*** Opening of Records for this exercise ***

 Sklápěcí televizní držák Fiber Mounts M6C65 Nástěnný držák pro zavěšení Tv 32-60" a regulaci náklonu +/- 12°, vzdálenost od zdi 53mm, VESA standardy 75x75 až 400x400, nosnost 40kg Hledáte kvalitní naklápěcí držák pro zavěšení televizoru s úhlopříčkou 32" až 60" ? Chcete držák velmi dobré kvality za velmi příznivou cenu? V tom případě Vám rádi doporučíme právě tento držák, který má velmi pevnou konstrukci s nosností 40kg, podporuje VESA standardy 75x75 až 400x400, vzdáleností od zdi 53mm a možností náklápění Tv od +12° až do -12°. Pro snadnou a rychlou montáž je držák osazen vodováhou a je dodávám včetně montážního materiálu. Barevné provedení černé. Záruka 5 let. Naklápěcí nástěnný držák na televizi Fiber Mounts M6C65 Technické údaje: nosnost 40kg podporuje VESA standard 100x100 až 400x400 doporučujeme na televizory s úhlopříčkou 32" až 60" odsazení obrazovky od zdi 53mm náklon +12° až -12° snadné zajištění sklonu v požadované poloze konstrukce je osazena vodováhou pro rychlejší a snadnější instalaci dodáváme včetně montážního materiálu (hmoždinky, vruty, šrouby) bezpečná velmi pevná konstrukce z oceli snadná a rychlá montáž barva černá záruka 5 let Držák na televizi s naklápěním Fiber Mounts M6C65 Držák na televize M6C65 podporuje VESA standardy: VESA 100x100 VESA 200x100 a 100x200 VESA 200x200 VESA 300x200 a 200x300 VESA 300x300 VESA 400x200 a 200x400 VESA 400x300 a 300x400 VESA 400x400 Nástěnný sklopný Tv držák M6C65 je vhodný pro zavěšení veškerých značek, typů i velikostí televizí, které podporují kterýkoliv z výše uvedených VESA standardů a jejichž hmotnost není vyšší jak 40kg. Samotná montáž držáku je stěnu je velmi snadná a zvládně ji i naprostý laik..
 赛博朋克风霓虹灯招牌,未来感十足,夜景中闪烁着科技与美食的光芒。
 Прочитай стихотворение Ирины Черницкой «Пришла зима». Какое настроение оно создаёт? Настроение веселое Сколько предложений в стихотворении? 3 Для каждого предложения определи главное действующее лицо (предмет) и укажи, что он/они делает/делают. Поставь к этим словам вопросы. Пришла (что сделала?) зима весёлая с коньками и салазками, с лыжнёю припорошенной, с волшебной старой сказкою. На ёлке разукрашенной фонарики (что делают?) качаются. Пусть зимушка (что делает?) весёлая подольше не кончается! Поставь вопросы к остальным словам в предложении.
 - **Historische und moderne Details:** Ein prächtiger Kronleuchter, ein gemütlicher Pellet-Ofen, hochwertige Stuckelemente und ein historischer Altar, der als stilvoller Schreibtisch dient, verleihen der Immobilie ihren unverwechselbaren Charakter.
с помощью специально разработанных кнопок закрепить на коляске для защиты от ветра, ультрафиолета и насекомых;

*** Close of Records for this exercise ***

Instructions to follow:
The lines to return run from the one containing "- **Historische und" through the last line of the records above. Give them exactly and include nothing more.

Answer box:
 - **Historische und moderne Details:** Ein prächtiger Kronleuchter, ein gemütlicher Pellet-Ofen, hochwertige Stuckelemente und ein historischer Altar, der als stilvoller Schreibtisch dient, verleihen der Immobilie ihren unverwechselbaren Charakter.
с помощью специально разработанных кнопок закрепить на коляске для защиты от ветра, ультрафиолета и насекомых;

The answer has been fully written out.